An excellent catch by the Idaho Statesman today: The high cost of photo ops and ego boosting.
The context here, of course, is that the Otter Administration has proposed, in the interest of saving dollars measured more in the thousands (elimination of the Human Rights Commission and Hispanic Commission) or not a lot more (public television's state buy-in, which could bring much of the network to crash).
What the Statesman found was this: "Since June, the Idaho Transportation Department has spent almost $70,000 on seven such groundbreaking or dedication ceremonies - which Otter's office wanted to be the 'governor's signature events.' . . . Four of these highway ceremonies, all in northern or eastern Idaho, were put together by ITD's own communications staff at a total cost of $9,571 - an average of $2,393 per ceremony. But for the three Valley events, ITD paid RBCI, a private consulting firm. The cost for these three: $60,035 - an average of $20,012 per ceremony."
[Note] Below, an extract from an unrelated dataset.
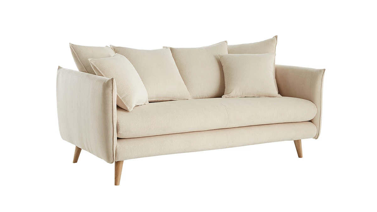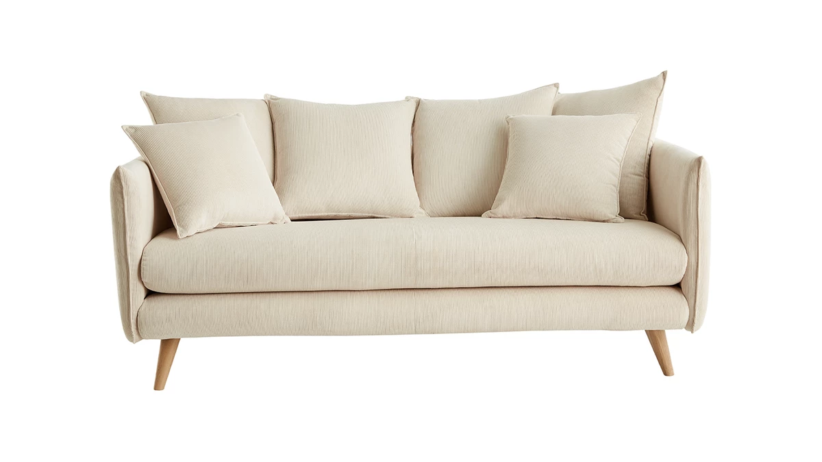Le canapé OLYMPIA invite à la convivialité et à la paresse… On craque pour la douceur de son élégant tissu en velours côtelé, la délicatesse de ses quatre pieds en hêtre massif et la justesse de ses proportions.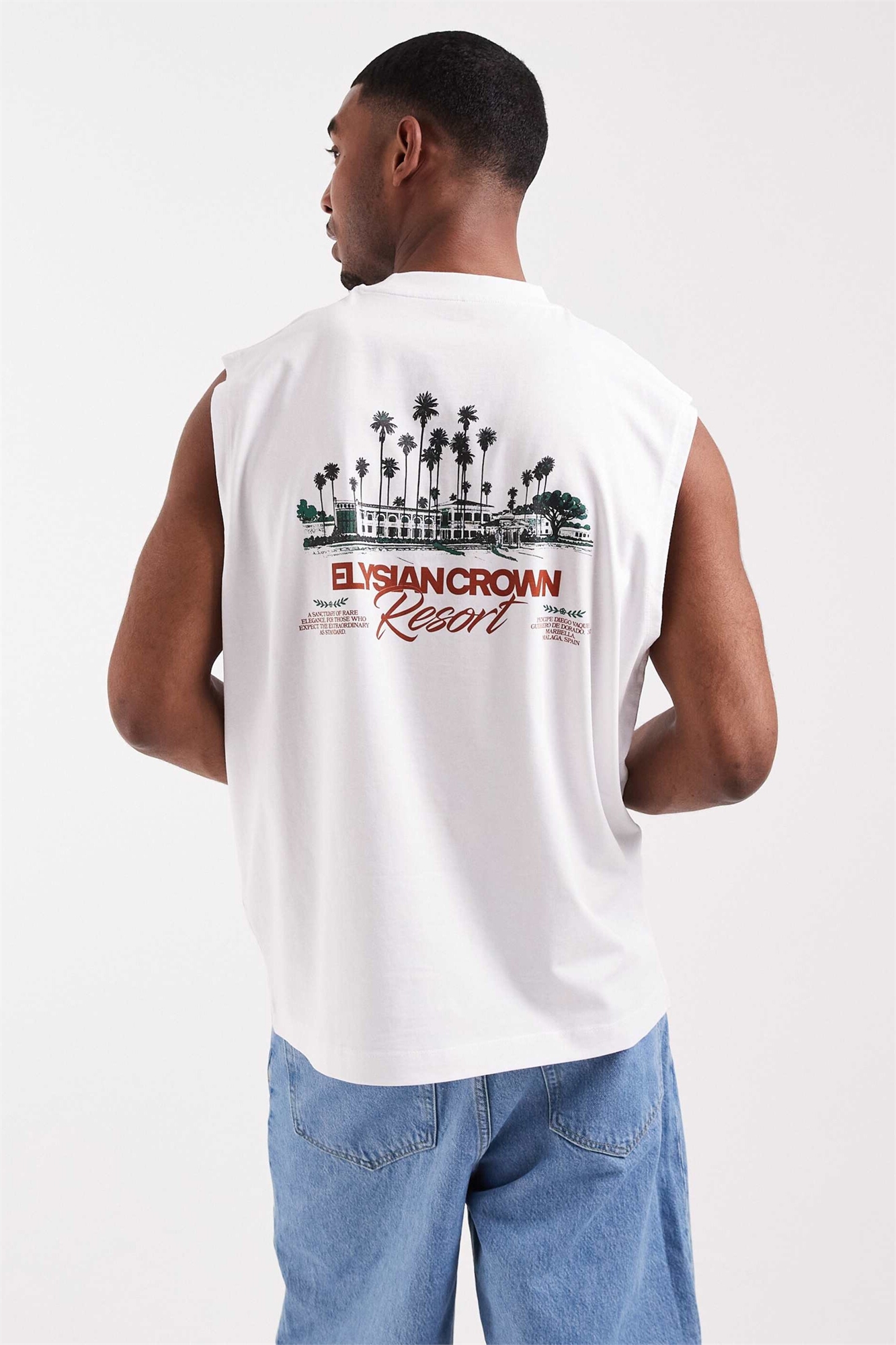 Объемная футболка с принтом в курортном стиле

These are the events where "dignitaries" stand around, smile, cut ribbons and get their pictures taken. What the public actually gets out of them . . . well . . .
The House Transportation chair, JoAn Wood, R-Rigby, described herself as "appalled."
The story suggests that the costs more or less snuck up on their governor's office - that they didn't know how large the costs were - while the transportation department put together the events more or less as they seemed to be asked to do. No particular villain here.
Maybe a few lessons to be absorbed, though.